Dilansir reporter Tribunnews.com, Reynas Abdila
TRIBUNNEWS.COM, Jakarta – Server Pusat Data Sementara Nasional (PDNS) Kementerian Komunikasi dan Informatika (Kominfo) menjadi sasaran serangan siber jenis ransomware sejak Kamis (20 Juni 2024).
Hal ini menyebabkan server padam dan mengganggu pelayanan publik lintas instansi, seperti pemeriksaan imigrasi di bandara internasional selama ini.
Profesor Marsudi Wahyudi Kisworo, guru besar bidang teknologi informasi (TI), menjawab: Di bidang keamanan komputer, tidak ada sistem yang keamanannya terjamin.
Ia mengingatkan pentingnya budaya sadar keselamatan.
“Dalam dunia keamanan komputer, tidak ada sistem yang menjamin keamanan. Ada sistem yang diretas dan ada sistem yang belum diretas. Di negara maju, dikatakan ada sistem yang diretas setiap 3-5 detik. . Peretasan,” kata Profesor Marsudi dalam keterangannya, Rabu (26 Juni 2024).
Profesor Masoudi mengibaratkannya seperti server rumah. Betapapun terlindunginya rumah tersebut, tidak ada yang mau menjamin bahwa rumah seseorang tidak akan dibobol, dirampok, atau jatuhnya meteor.
“Dalam bidang keamanan yang terpenting adalah budaya security awareness yaitu budaya kehati-hatian,” ujarnya.
Guru besar bidang IT pertama di Indonesia ini menegaskan, dalam dunia keamanan komputer, tata kelola keamanan yang baik harus selalu diperhatikan.
“Sebagai contoh, penerapan berbagai standar keamanan komputer yang ada dapat mengurangi kemungkinan terjadinya pelanggaran keamanan, atau setidaknya mengurangi dampak jika terjadi pelanggaran keamanan.
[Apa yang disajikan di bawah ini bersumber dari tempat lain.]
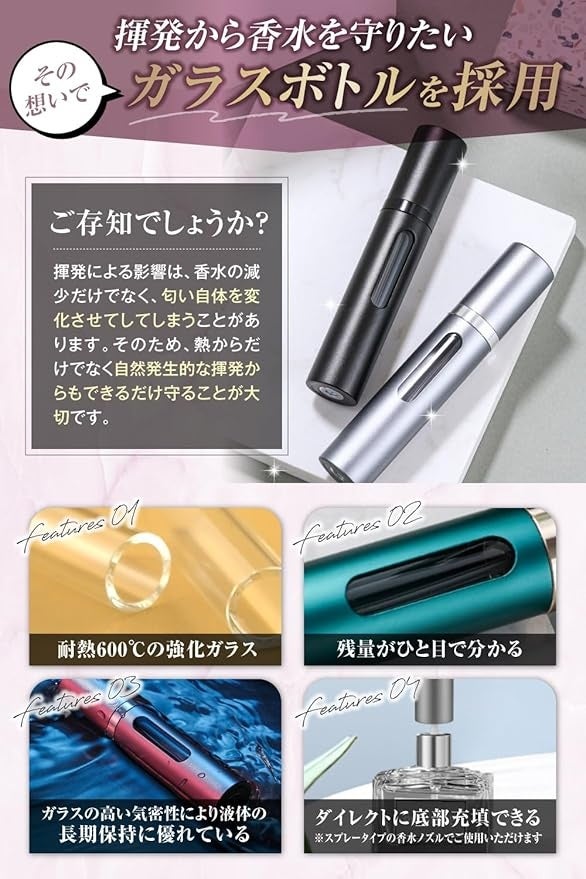 アトマイザーの底部から直接香水を充填できる設計で、手間をかけず簡単に補充が可能。忙しい朝でも、スムーズに香水を補充していただけます。

Hal ini sama dengan melindungi keamanan fisik seperti rumah atau mobil,” jelasnya.
“Tata kelola keamanan melibatkan analisis risiko yang mungkin terjadi, termasuk skenario pelanggaran keamanan, aktor, probabilitas dan dampaknya,” lanjutnya.
Ia kemudian melanjutkan, manajemen risiko dimulai dari peralatan, seperti pencegahan, pertahanan, dan deteksi, hingga prosedur yang harus diterapkan jika terjadi pelanggaran keamanan, seperti prosedur tanggap darurat hingga pemulihan.
Rektor Universitas Pancasila juga menjelaskan bahwa institusi nyata harus mengembangkan rencana keamanan yang komprehensif dan bahkan mungkin mengikuti standar adat.
“Jika melihat insiden PDN dan beberapa kasus yang pernah saya tangani sebelumnya, kurangnya rencana keamanan yang baik menjadi alasan mengapa pelanggaran tidak ditangani dengan baik ketika terjadi,” ujarnya.
Profesor Marsudi, anggota Dewan Pengarah BRIN, mencontohkan. Situasi yang paling umum adalah tidak ada skenario peretasan, tidak ada rencana pemulihan bencana, atau bahkan tidak ada rencana kelangsungan bisnis.
“Tidak masalah, banyak institusi di Indonesia, baik pemerintah maupun swasta, bahkan tidak melakukan penilaian risiko siber dan hanya mengalami kerugian jika diretas,” imbuhnya.